Hi I'm trying to figure out how to process an input file, where you check to see if each line is a word. But I don't have any clue on how to begin doing so. I would use something like "load" I think? Then I would save that word in a variable.
%at this point, insert the code to initialize the variable you will be storing the words in
%then
fid = fopen('YourFile.txt','rt');
while true
thisline = fgetl(fid);
if ~ischar(thisline); break; end %end of file
%now check whether the string in thisline is a "word", and store it if it is.
%then end fclose(fid);
%you have now loaded all of the data.
Thank you for your help. I'm a little confused why the "while true" part is there? Is true satisfied by "fopen" being valid?
Also I'm going to be putting this into a function.
It seems that the while loop ends when the line processer (fget1) encounters a non-word with the break. I'm hoping that this function continues to search through the rest of the file, checking if they are valid words, then entering them into a cell. Will this occur? (Can you also elaborate on how to make a cell that can be used throughout a function, not just within this subfunction? Global cell I think?)
Sorry for the long question!!
why not to use while ~feof(fid)?!
"while true" is an infinite loop.
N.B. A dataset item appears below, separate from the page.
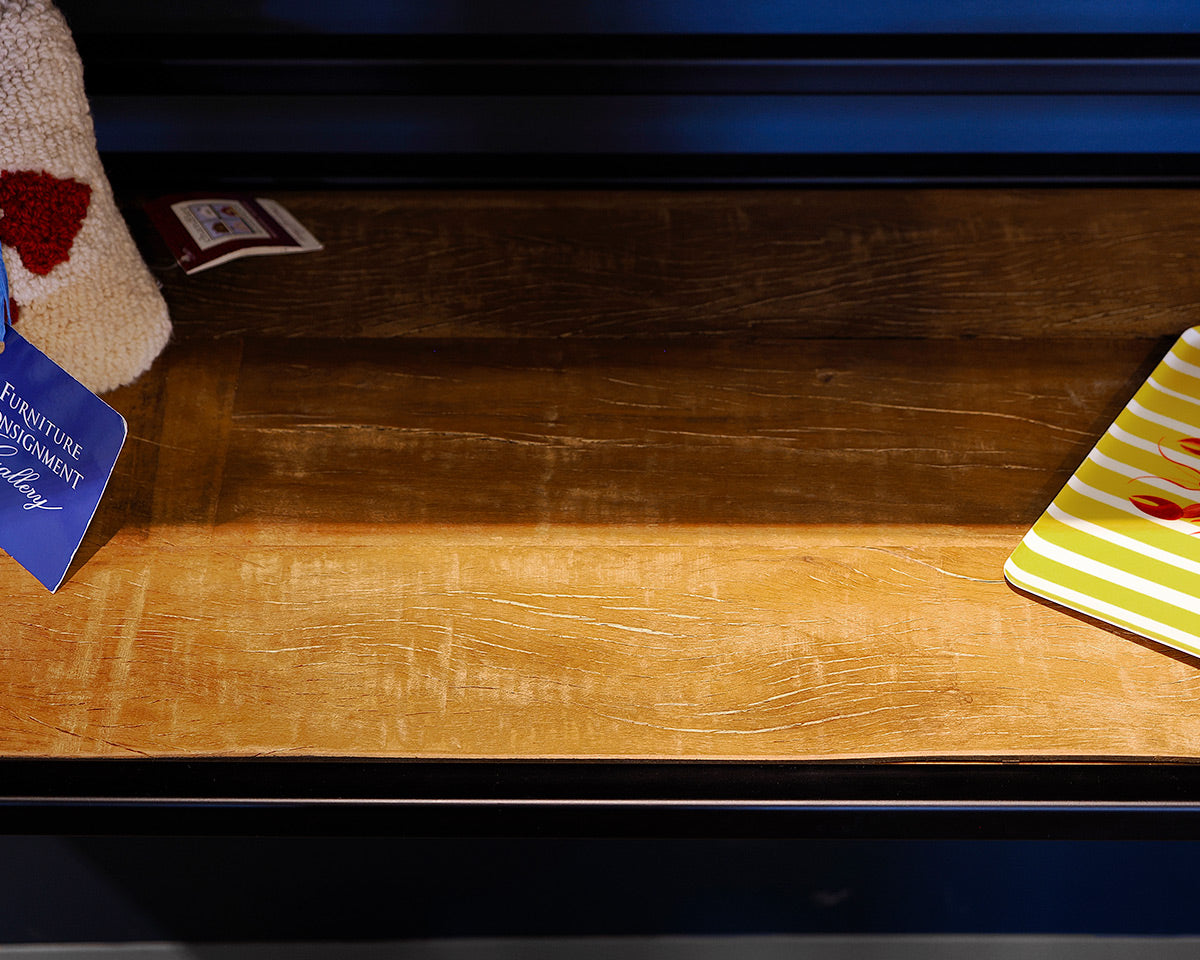 Tall Rustic Transitional Bookcase Featuring Natural Wooden Shelves and Metal Frame.

The loop will be exited by the "break" statement in the "if" inside the loop.
fgetl() returns a string ("string" is defined as an array of type char) *except* when fgetl() encounters end of file. The test is thus to see whether end of file has been it. It is not a test for a "non-word". You have not defined what a "word" or "non-word" is, so you will have to put that in at the point I show the comment.
feof(fid) only ever becomes true when there is no input remaining _and_ a read operation then attempts to read input that is not there. feof() does not look forward to see whether there is more input or not: it just reports on whether the eof flag has been set already by a read operation on an empty buffer having tried and failed to get input. If you had the case where, for example, you had a file that ended in XYZPDQ with no end-of-line indicator, then when a read operation got to that line, it would read the data that is there but *not* set the end-of-line indicator (in this case the buffer was not empty), and feof would not report true until the *next* read attempt found the buffer empty and nothing more to fetch.
This is how the C language standards and POSIX *define* end of file processing.
Because of this, you must test the result of each read operation, to see whether that was the read operation that found end-of-file.
If feof(fid) is true then reading from fid would fail, but feof() is not predictive, so the fact that feof() is false does not mean that a read will succeed.